Единственный собеседник — сверхмощный вычислительный терминал, помогающий при принятии решений. Хотя не совсем единственный. Все-таки кое с кем министрам позволено контактировать. И один из этих людей — я. Профессиональный едок, как шутят некоторые. Я, а также еще пятьдесят девять человек, поочередно принимающие пищу в обеденное время с каждым из тридцати министров.
- Но как же дела там, на Земле? - медленно, размеренно, с почти незаметными тоскливыми нотками проговорил сидящий напротив меня престарелый, какой-то весь высушенный человек. В нем с трудом можно было узнать Феликса Коллинза — министра регулирования питания, если ориентироваться исключительно по фотографиям в журналах. Одиночество, пусть даже и искусственно прерываемое время от времени такими профессионалами, как я, уничтожает человека, несмотря на все попытки работы с психикой.

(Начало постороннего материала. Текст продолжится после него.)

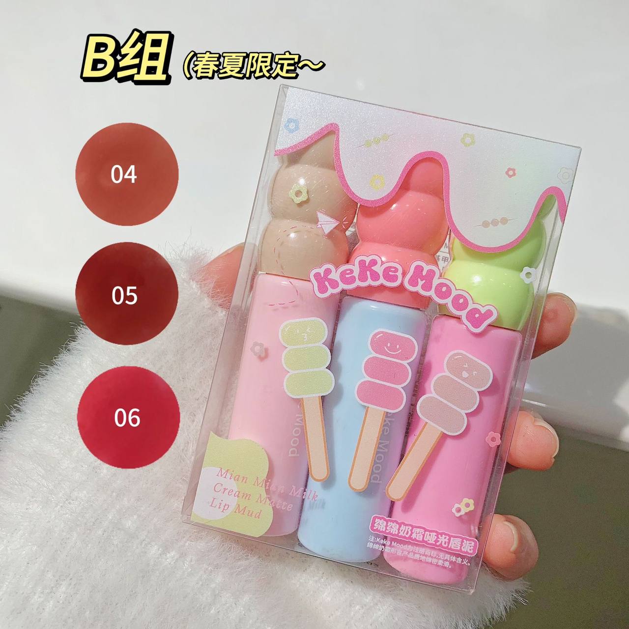 هر پک 3 عددی می باشد ماندگاری بالایی داره ضد ابه فاقد سربه با رایحه ی فوق العاده عالی جنسش مخملی و مات 24 ساعته اما مخملیه یعنی به هیچ عنوان بعد استفاده لبت ترک نمیخوره و پوسته نمیشه
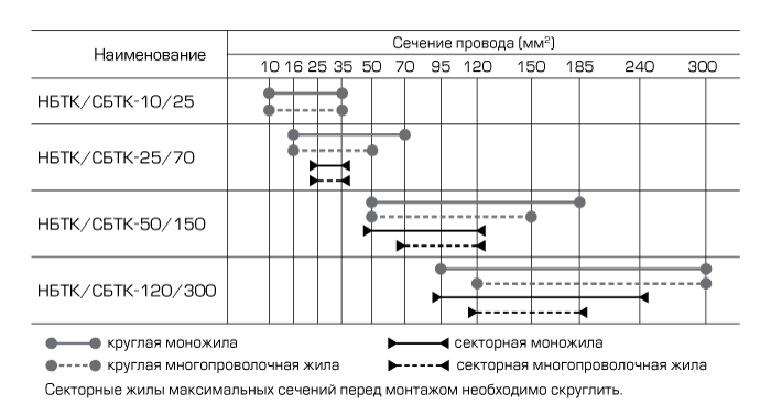 | СБТК-120/300 | 1 | Для сечения жил | 120/ 150/ 185/ 240/ 300 |

- Феликс, вы же понимаете, что я не могу говорить с вами на эти темы... - проговорил я насупившись. Нет, старик сдает не по дням, а по часам. Если даже «едоки» не могут толком повлиять на него, то, значит, жить ему осталось немного. Жаль, за двадцать лет работы Феликс был третьим по счету министром питания, причем, чуть ли не самым эффективным – чего стоит одна проблема голода в центральной Африке, которую он решил, перебазировав несколько пищевых производств синтетической пищи в бедный регион всего за пару лет. Впрочем, в остальных министерствах творится примерно то же самое.
- Да-да-да, я прекрасное знаю, просто проверял вашу компетентность, проверял на предмет подрывной деятельности… Вообще я хотел спросить другое — как вы относитесь к Шопену, - стараясь придать лицу довольное жизнью выражение. Неудачно.
- Чудесный композитор! Знаете... - начал я. Мой суфлер — человек, занимающийся банальным просмотром баз данных и подсказкой мне сведений, в которых я, стыдно признаться, плавал — принялся зачитывать мне сведения по Шопену, которые я, мгновенно перефразируя, принялся излагать моему собеседнику. Потом мой собеседник что-то ответил, потом снова я, потом он...
Беседа длилась еще минут двадцать, в соответствии со строгим временным регламентом. Громкий звонок раздался, как и обычно, неожиданно. Феликс замолк на середине фразы, уперев в меня тяжелый взгляд.
- Ну что же, господин Феликс, сами понимаете, мне пора.
- Конечно понимаю. Ну что же, всего доброго вам, еще увидимся.
Как только краткое прощание состоялось, я медленно поднялся и вышел из министерского отсека. Все-таки это тяжелая работа в моральном плане. На душе скребли особенно наглые кошки, которых бы неплохо и утихомирить. Феликс протянет еще пару месяцев, после чего... сердечный приступ, инсульт, просто сойдет с ума. Причем последнее наиболее не желательно. Когда с ума сошел министр энергетики лет пять назад – из строя вышли две ядерные электростанции и на устранение последствий ушло колоссальное количество времени и ресурсов. А министр питания может выкинуть что-то такое, что приведет к массовым отравлениям и смертям.
- Здравствуйте, эээээ... - раздался женский голос за моей спиной.
- Сэм. Сэм Брюквелл. Один из «едоков», - я повернулся и взглянул на девушку, стоящую позади.
Симпатичная, не худая и не высокая, возраст лет двадцать восемь — тридцать. Лицо не кричащее, в меру приятное, но без перегиба. Быстрый вердикт: достаточно привлекательна, но недосягаема. На этой станции в принципе абы кто появится не мог – возможно, это самый важный объект на орбите планеты.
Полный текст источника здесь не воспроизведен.